16:00 - 17:30
Location: G04
Chair/s:
Nuria Rodriguez-Priego
Submission 198
“Who saves for retirement.” A Survey experiment on determinants, preferences and saving behaviour.
PS2-G04-04
Presented by: Helia Marreiros
Helia MarreirosMiguel Portela
University of Minho
Saving adequately for retirement to face later-in-life expenses has become increasingly crucial, as life expectancy increases and birth rates and replacement rates decrease. This paper investigates savings habits and behaviours to identify the main determining factors for retirement savings decisions, in multiple dimensions, including time preferences, financial literacy, risk aversion, and other influencing factors like tax incentives, financial distress, and future expectations on retirement rate and life expectancy, controlling for the individual and socio-economic characteristics. Moreover, the paper examines the impact of salience of information on individuals' intention to save for retirement.

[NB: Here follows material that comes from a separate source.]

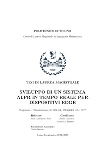 SVILUPPO DI UN SISTEMA ALPR IN TEMPO REALE PER DISPOSITIVI EDGE = DEVELOPMENT OF A REAL-TIME ALPR SYSTEM FOR EDGE DEVICES.
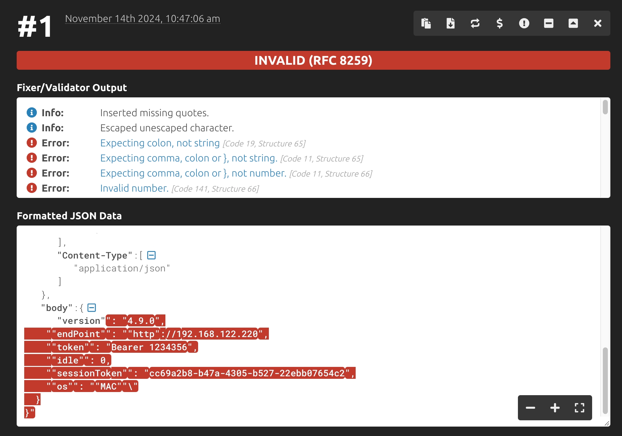 JSON Formatter & Validator is useful for checking JSON payloads, which are often placed in the body field of various nodes.

To this aim, we conducted a survey experiment administered to a representative sample of Portuguese households. Using a between-subjects design, participants were randomly assigned to one of three treatment groups, differentiated solely by the type of information presented to them prior to being queried about their retirement savings intentions. In the baseline or neutral treatment, participants received extracts from a published studied on a non-related saving matter. In the first or negative treatment, participants received study extracts highlighting the reduction in replacement rates, i.e., the pension value relative to the last salary in the near future and the second or positive treatment, participants received study extracts about the expected increase in productivity, which will be reflected in an increase of wages.
Additionally, our survey explores types of pension plans, public, employer and professional and future expectations, such as the probability of living until 100 years old, or the percentage of income they expect to receive after retirement.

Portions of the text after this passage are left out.